There are three types of kurtosis:

Mesokurtic: This is the profile that corresponds to a normal distribution; the excess is usually around zero (i.e. it will have kurtosis of +/-3).

Leptokurtic: This exhibits a positive excess, with large amounts to data points on either side of the data, indicating the possibility of extreme outlier results in either direction. (Positive and negative).

Platykurtic: This distribution shows negative values, with flat tails (i.e. only a small number of outliers in the data set).

Kurtosis

Using Kurtosis In Trading

In finance, a large degree of kurtosis might imply large investment risk, as results may include higher than normal probabilities of both extreme profits AND losses, which would tend to suggest higher return volatility.

A low kurtosis would imply much lower probabilities of large gains or losses.

If the dataset has skew, then one already knows that the distribution has kurtosis, which also means that estimating Standard Deviations or Variance of data via sampling becomes less precise.

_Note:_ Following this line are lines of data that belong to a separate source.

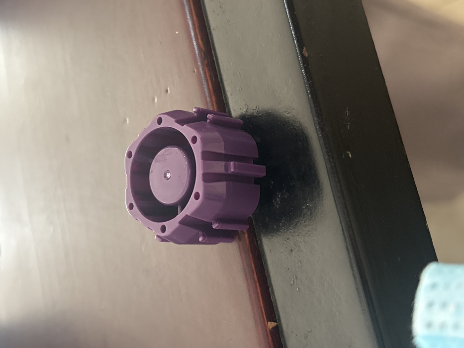 A purple, 3D-printed object resembling a valve or gear sits on a dark, glossy surface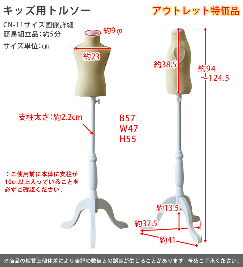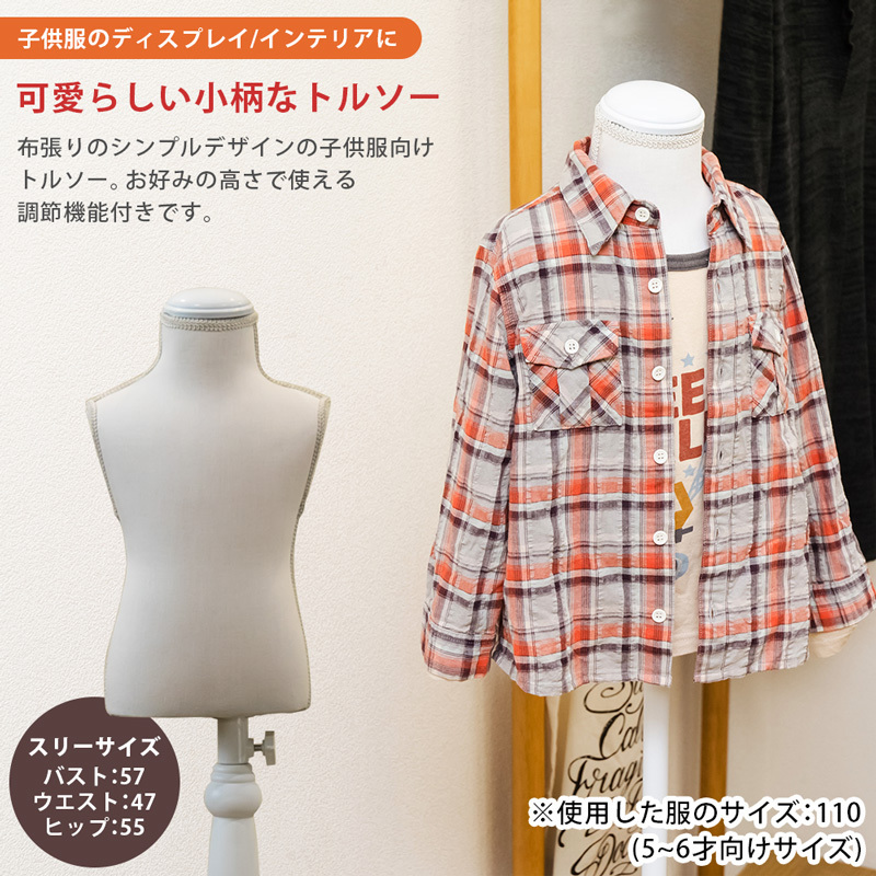 | 商品説明 | 簡易組み立て品(約5分) ※こちらはアウトレット特価品になります。 表面のボンド汚れやはみ出し、 ほつれなどが目立つ物がございます。予めご了承下さい。 子供服のディスプレイ・インテリアにぴったりのキッズサイズトルソー! お好みの高さで使える調節機能付きです♪ 布張りのシンプルデザインで使いやすい、子供服向けのコンパクトなトルソー。 本体は高さ調節機能付き、飾り方や好みに応じた調節が行えます。 カラーは優しい風合いの3色、様々な種類の衣類と馴染みます。 |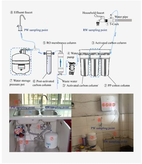 In recent years, in developing countries, small household water purification systems have gradually become widely used by consumers [14,15,16,17]. Increasing numbers of Chinese villagers are installing and using water treatment systems to maintain safe and healthy drinking water. Studies have shown that point-of-use water treatment systems can effectively reduce the risk of drinking water contamination [14,17]. Among these water treatment systems, reverse osmosis water treatment systems, which consist of a water pump, front filter (PP cotton column and activated carbon adsorption column), reverse osmosis filter element, rear filter (mostly activated carbon adsorption column), and water faucet [18], are widely used for treatment of domestic drinking water [16]. However, in China, most point-of-use water treatment systems have been designed to filter urban drinking water supplied by a centralized water supply. The applicability of these water treatment facilities in decentralized water supply models in rural areas is unclear. At the same time, it is difficult for users to judge the effect of a point-of-use water treatment system directly [19]; thus, it is of practical significance to investigate the actual effect and applicability of these systems.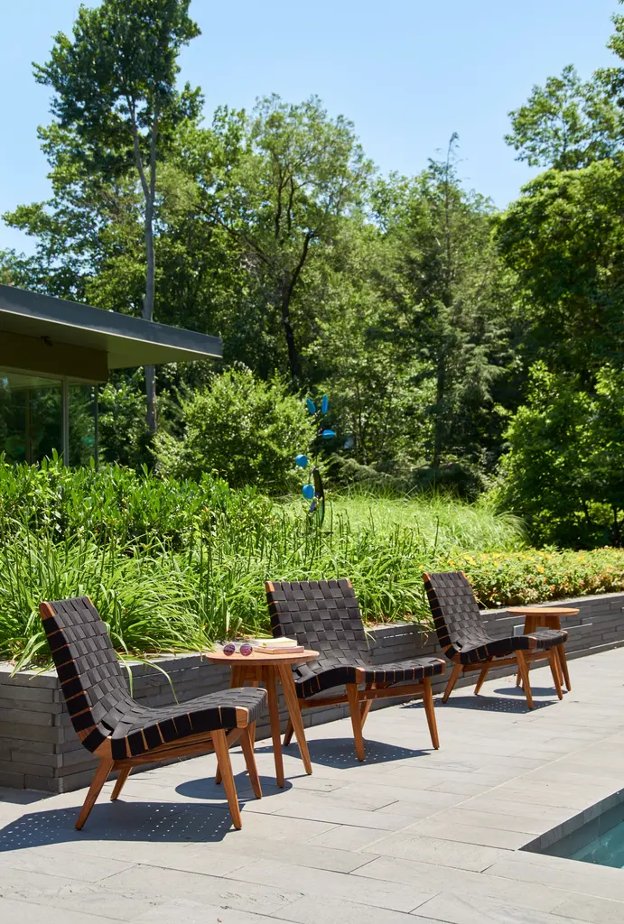 Described as good, honest furniture design, the Risom Collection helped establish Knoll as an early source of modern design in America. Three-quarters of a century later, selected products from the original collection have been re-engineered for outdoor use. Oiled teak frames and Sunbrella® webbing ready these classics for a life outside.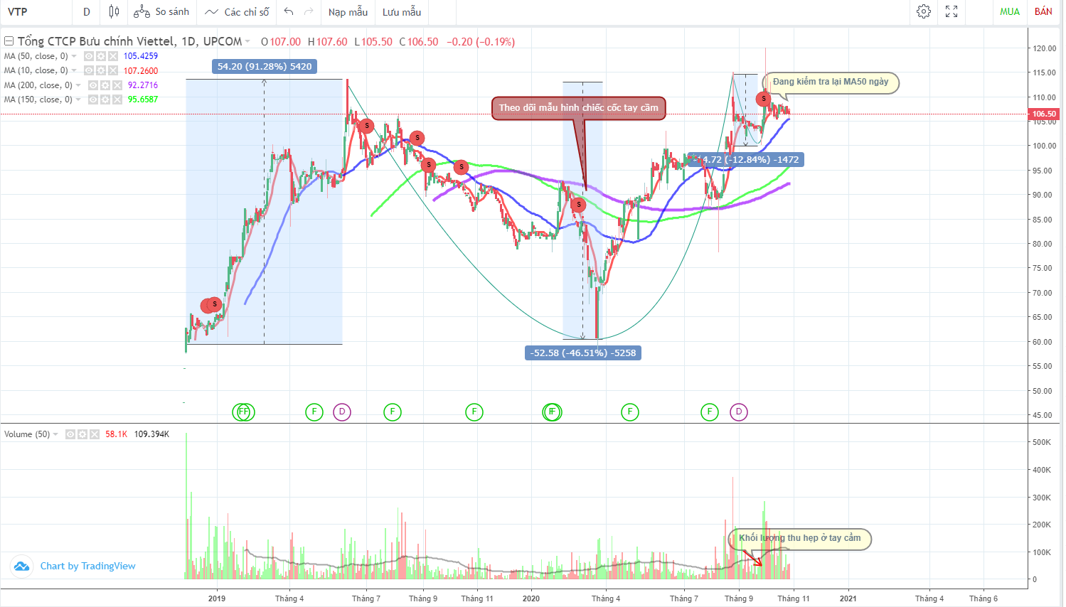 VTP đang hình hành mẫu hình Chiếc Cốc-Tay Cầm Lớn cần phải theo dõi. Hiện nay giá đang kiểm tra lại MA50 ngày.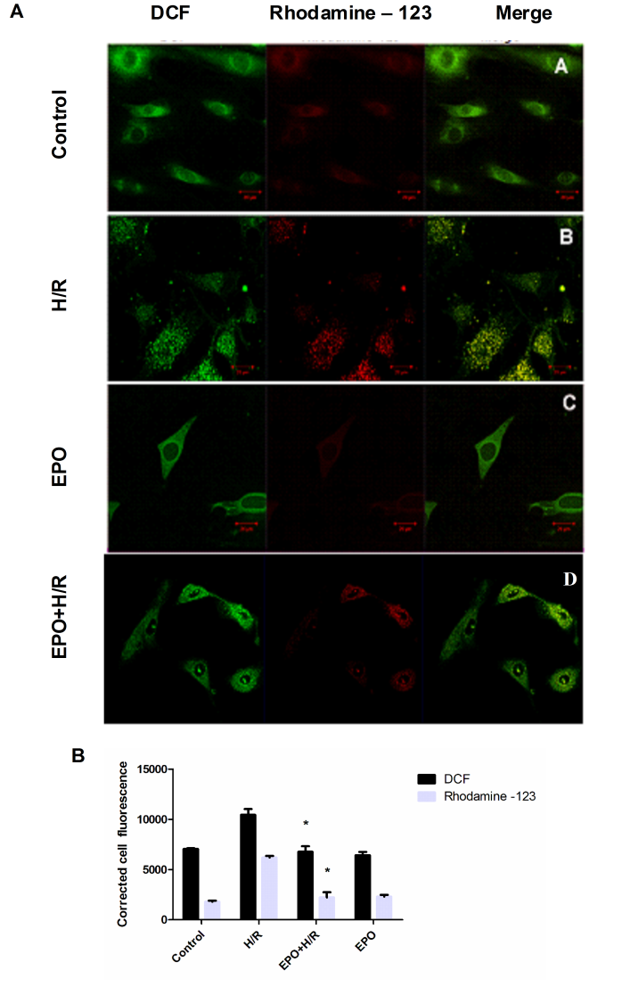 In control and rhEPO treated myocytes, fluorescence emitted by Rhodamine-123 appeared only in the perinuclear region where the mitochondria is located as showed in the fig. 4A and 4C. DCFH-DA crosses the cell membranes and the mitochondrial membrane by deacetylation and oxidation. This is facilitated by esterases and ROS in the cytoplasm and mitochondria. In H/R-induced NCM, Rhodamine-123 fluorescence colocalized with DCF fluorescence not only the perinuclear region but also in the cytoplasmic region and there was an increase in DCF fluorescence in H/R when compared to rhEPO pretreated NCM (fig. 4B). Data are presented as means±SEM of the ratios from three independent experiments.* denotes p<0.05 for analyses compared to H/R. Accordingly rhEPO stabilizes Δψm and ROS in H/R-induced NCM.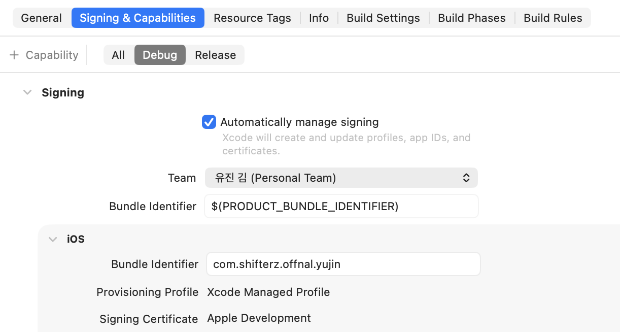 같은 프로젝트라도 다른 개발자라면 다른 development team과 bundle identifier로 앱을 빌드하게 된다.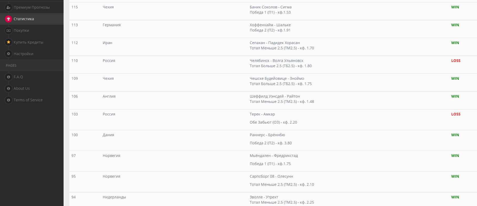 Каждый новый пользователь получает 250 кредитов бесплатно, что дает вам 50% скидку на покупку 1 прогноза!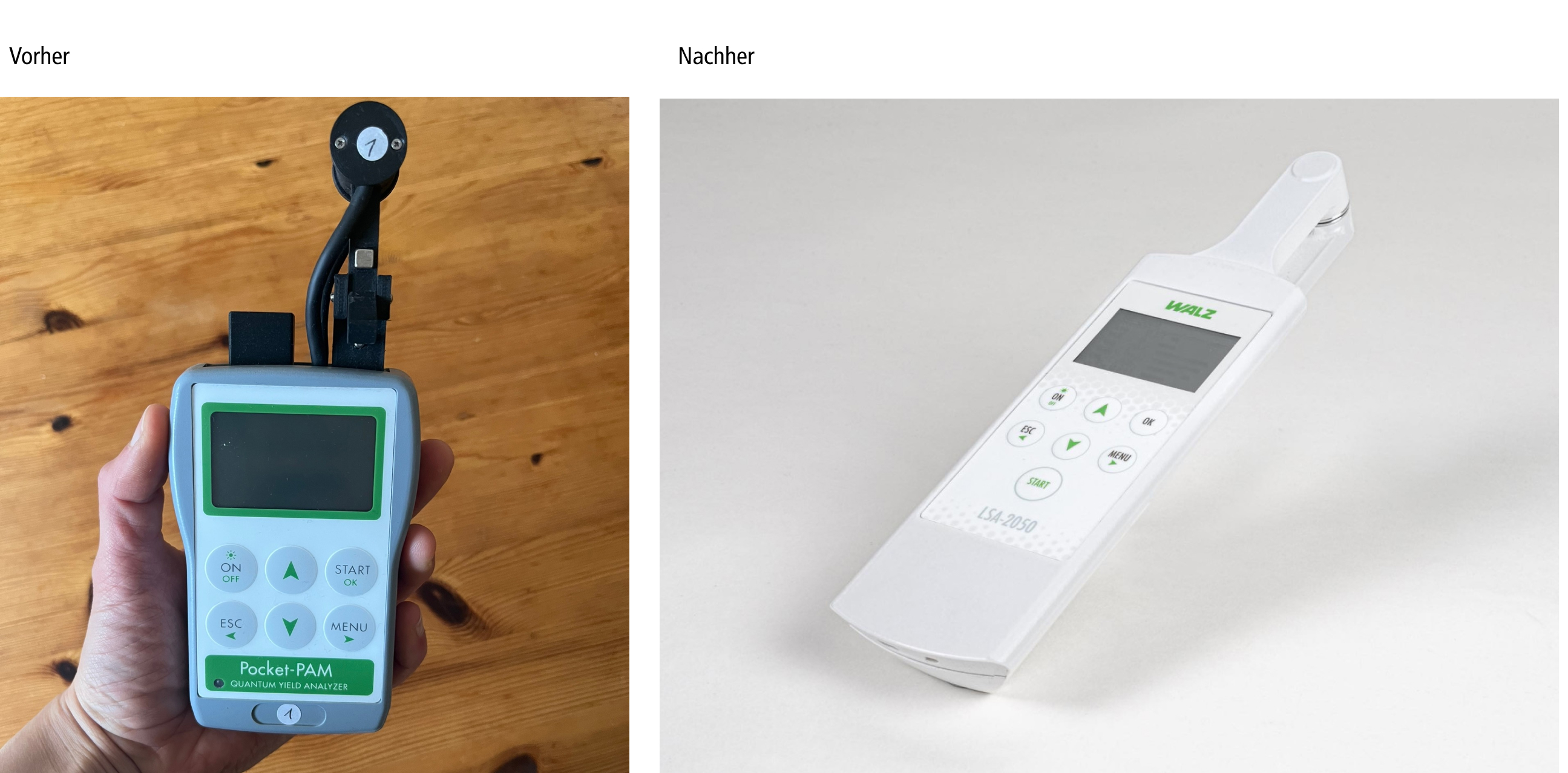 Der LEAF-STATE-ANALYZER LSA-2050 ist ein handgehaltenes Messgerät zur Untersuchung von Pflanzenblättern, das ohne Eingriff in die Pflanze arbeitet. Es prüft, wie gut die Blätter vor UV- und sichtbarem Licht geschützt sind, misst die Menge an grünem Chlorophyll und bewertet die Gesundheit der Pflanze anhand der Effizienz von Photosynthese-Prozessen. Das Gerät zeigt, wie gut eine Pflanze mit Stress umgehen kann und erfasst dabei auch Standortdaten sowie die Ausrichtung der Blätter zur Sonne. Wir haben für Walz ein Industrial Design entwickelt, das ergonomisch und leicht in der Hand liegt und im 3D-Druck Verfahren sowie im Spritzgussverfahren hergestellt werden kann.

The greater the kurtosis, the less useful the results of any sampling of the data will be.

It is also important to note that kurtosis concentrates exclusively on the extremes (or tails) of a distribution and thus has nothing to say about the peaks of a distribution (which are normally found in the middle of the dataset).

There may be a correlation between the tails and the peak of data, but it is not direct and thus the latter cannot be accurately predicted from the former.